Whilst there are no EU maximum residue limits (MRLs) for any antimicrobials in honey, a minimum required performance limit (MRPL) for chloramphenicol has been set at 0.3 μg kg−1 [4]. In addition, the EU Reference Laboratories have published a number of ‘recommended concentrations’ (RCs) in honey ranging from 20 μg kg−1 for tylosin to 50 μg kg−1 for sulfonamides [5]. These RCs are related to the screening target concentration (STC). The STC is the concentration at which a screening test categorises the sample as ‘screen positive’ (potentially non-compliant) and prompts a confirmatory test by, for example, liquid chromatography–tandem mass spectrometry (LC-MS/MS). For analytes for which MRLs have not been established, the ‘STC should wherever possible be at or less than the recommended concentrations as described in the CRL Guidance Paper’ [6]. For other non-authorised analytes (veterinary medicines) in honey, e.g. fluoroquinolones, the STC is at the discretion of the laboratory conducting the work. For this study, the STCs used were as follows: 50, 20, 50 and 10 μg kg−1 for sulfathiazole, tylosin A, ciprofloxacin and chloramphenicol, respectively.

Concern about the occurrence of residues of veterinary medicines in honey has resulted in the need for rapid methods to monitor for antibiotic residues from a variety of classes including sulfonamides, macrolides, fluoroquinolones and tetracyclines.

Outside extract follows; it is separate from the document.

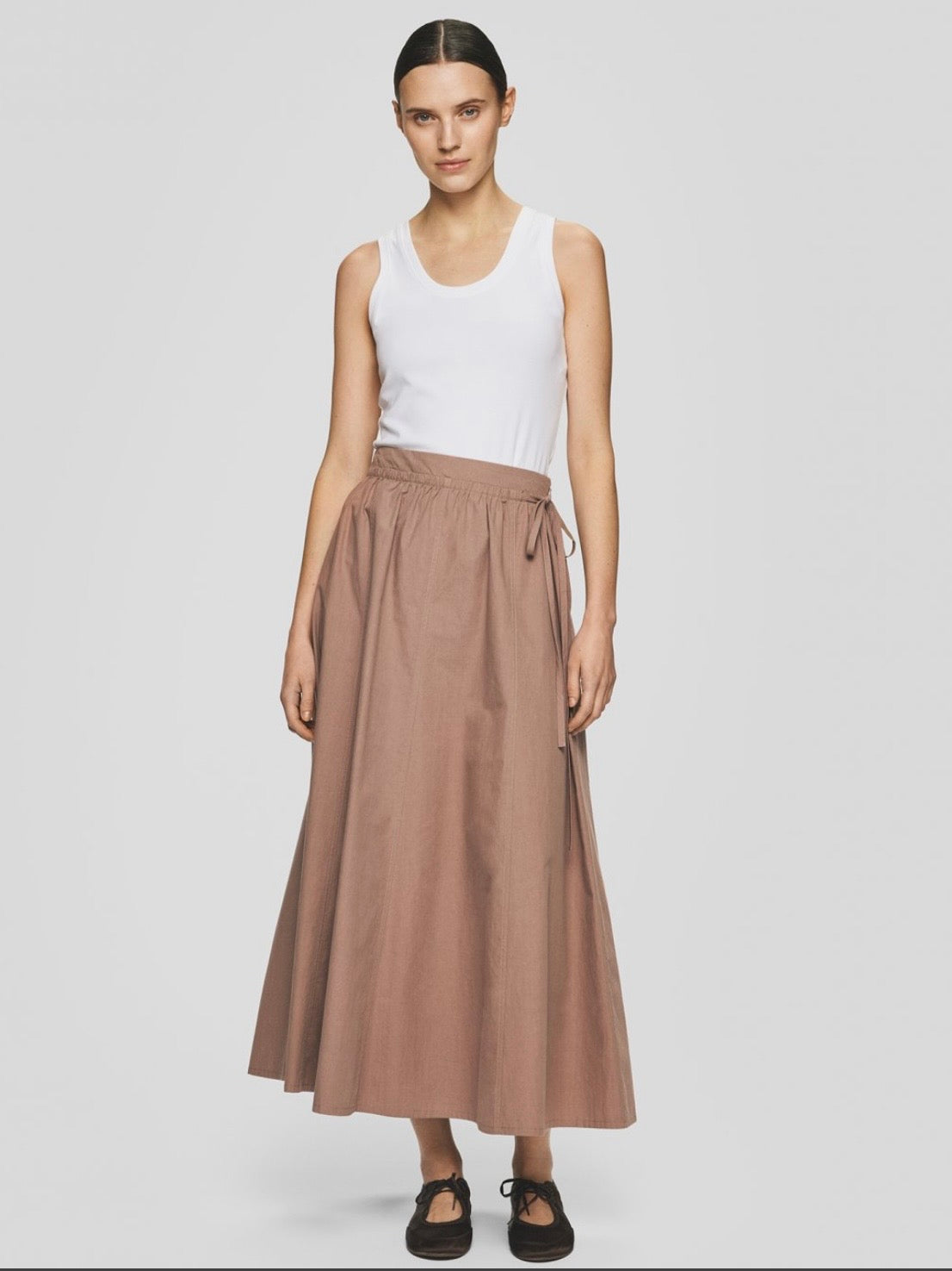 Cotton Maxi skirt with adjustable tie waistband and side zip.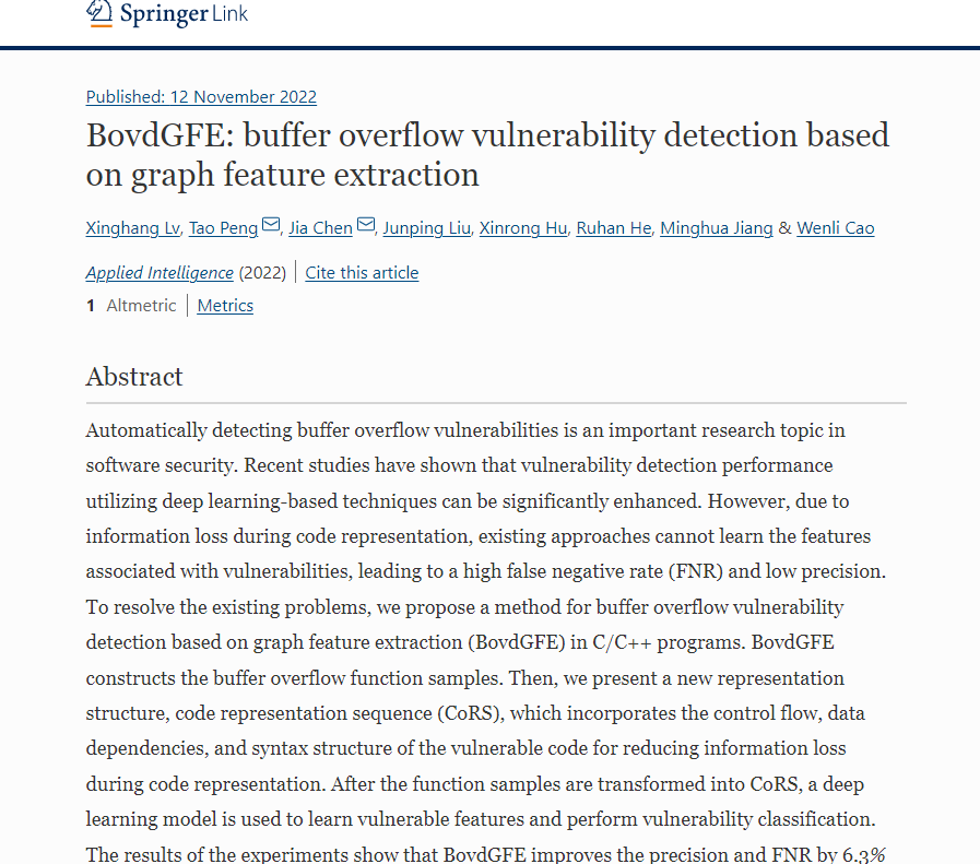 11月12日,《Applied intelligence》(中科院SCI二区期刊,影响因子为5.019)在线发表了我校ok138cn太阳集团529边缘计算与信息安全团队的最新成果“BovdGFE: Buffer Overflow Vulnerability Detection Based on Graph Feature Extraction”,论文由ok138cn太阳集团529彭涛教授指导,2020级研究生吕星航等同学完成。

Whilst a sensitive and rapid method based on dipstick technology already exists for tetracyclines in honey (TETRASENSOR® kit, Unisensor, Belgium) [7], and there are a number of commercial ELISA products for streptomycin and tylosin [8], there is a dearth of rapid methods which offer a wide coverage of the antimicrobial classes of interest.

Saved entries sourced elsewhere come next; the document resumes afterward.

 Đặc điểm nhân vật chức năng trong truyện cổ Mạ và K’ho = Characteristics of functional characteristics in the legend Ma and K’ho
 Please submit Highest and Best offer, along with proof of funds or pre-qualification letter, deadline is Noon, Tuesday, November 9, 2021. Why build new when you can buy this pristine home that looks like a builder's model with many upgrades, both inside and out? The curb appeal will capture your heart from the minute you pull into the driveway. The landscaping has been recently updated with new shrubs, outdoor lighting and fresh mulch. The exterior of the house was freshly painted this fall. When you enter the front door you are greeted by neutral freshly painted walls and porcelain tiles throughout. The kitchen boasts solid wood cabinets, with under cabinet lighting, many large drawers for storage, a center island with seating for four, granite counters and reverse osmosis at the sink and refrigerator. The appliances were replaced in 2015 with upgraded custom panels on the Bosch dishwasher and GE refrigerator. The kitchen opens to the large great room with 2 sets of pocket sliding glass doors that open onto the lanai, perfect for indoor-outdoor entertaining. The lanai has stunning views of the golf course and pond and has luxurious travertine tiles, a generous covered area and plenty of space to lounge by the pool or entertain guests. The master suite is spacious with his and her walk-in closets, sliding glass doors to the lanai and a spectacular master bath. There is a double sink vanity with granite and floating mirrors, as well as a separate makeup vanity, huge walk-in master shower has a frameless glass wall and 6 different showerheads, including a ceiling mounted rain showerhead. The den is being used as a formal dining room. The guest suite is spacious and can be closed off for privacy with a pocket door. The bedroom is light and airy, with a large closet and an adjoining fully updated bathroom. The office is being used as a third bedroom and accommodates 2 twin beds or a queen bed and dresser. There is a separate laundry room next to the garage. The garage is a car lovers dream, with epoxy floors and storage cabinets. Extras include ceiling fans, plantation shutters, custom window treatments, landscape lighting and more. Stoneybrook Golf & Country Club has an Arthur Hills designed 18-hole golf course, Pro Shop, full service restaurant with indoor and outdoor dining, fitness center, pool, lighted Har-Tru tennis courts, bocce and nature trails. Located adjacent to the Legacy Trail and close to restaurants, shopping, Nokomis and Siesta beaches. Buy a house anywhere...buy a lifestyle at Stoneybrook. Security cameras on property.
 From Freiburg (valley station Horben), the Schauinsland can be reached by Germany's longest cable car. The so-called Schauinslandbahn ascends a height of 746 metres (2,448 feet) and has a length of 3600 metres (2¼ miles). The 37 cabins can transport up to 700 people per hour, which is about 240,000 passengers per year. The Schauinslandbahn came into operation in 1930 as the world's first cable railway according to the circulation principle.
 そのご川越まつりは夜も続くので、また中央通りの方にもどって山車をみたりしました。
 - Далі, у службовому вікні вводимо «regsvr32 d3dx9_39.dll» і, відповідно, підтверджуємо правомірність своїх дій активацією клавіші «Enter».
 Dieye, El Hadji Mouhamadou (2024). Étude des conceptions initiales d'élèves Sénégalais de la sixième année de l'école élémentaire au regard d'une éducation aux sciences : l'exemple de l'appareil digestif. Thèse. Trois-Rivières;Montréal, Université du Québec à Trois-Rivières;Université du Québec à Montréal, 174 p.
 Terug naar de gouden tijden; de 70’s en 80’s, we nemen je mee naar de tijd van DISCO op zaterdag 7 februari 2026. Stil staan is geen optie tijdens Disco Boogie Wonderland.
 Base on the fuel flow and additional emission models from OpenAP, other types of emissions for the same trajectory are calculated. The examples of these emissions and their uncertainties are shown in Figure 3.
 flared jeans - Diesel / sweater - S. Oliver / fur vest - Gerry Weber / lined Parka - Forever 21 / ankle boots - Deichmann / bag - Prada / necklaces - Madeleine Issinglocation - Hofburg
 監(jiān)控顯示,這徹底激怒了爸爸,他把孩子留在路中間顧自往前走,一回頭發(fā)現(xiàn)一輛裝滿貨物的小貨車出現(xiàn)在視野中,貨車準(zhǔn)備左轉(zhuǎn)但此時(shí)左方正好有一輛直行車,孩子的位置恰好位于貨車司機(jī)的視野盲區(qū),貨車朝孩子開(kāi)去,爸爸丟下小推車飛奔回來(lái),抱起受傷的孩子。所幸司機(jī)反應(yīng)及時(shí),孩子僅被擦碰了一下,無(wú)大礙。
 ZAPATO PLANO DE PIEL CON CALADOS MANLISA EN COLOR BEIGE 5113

In 2007, the European Commission Framework Programme (FP7) commissioned a new project called Contaminants in Food and Feed: Inexpensive Detection for Control of Exposure (Conffidence, www.conffidence.eu). The aim of the project was to develop and validate faster and more cost-efficient methods for the detection of a wide range of chemical contaminants/residues in both food and feed. One of the outcomes from this project is a multiplex dipstick assay (Bee4sensor® [9, 10]) that could be employed for the simultaneous screening of sulfonamides, fluoroquinolones, tylosin and chloramphenicol, possibly present in honey. Data from this method could be determined in two ways:

  1. (a)

    Visually, in which the colour intensities of the individual test lines on the dipstick (for sulfonamides, fluoroquinolones, tylosin A and chloramphenicol) are compared to the intensity of a control line

  2. (b)

    Instrumentally, in which a Readsensor® is used to generate a numerical value (ratio) for the colour intensity

Initially, this new method was subjected to a within-laboratory validation according to EU requirements (Commission Decision 2002/657/EC [11]) for a wide range of analytes from both the sulfonamide and fluoroquinolone classes of antimicrobials, as well as tylosin and chloramphenicol. Subsequently, to ensure robustness of this new method, a small-scale inter-laboratory validation (ILV) exercise was undertaken using ‘representative analytes’ [6] of sulfathiazole, ciprofloxacin, tylosin and chloramphenicol. This paper reports the results of this external validation study by seven control/industry laboratories. This validation trial was conducted in two stages. The laboratories familiarised themselves with the method by analysing known positive and negative control samples, before testing a number of randomly coded blind samples, containing spiked and incurred residues of the target antimicrobial compounds.

Materials and methods

Materials and reagents

The analytical standards of sulfathiazole, tylosin A, ciprofloxacin (hydrochloride) and chloramphenicol were purchased from QMX Laboratories (Thaxted, UK). Chemicals and solvents were of analytical grade. Deionised double-distilled (or equivalent) water was used throughout.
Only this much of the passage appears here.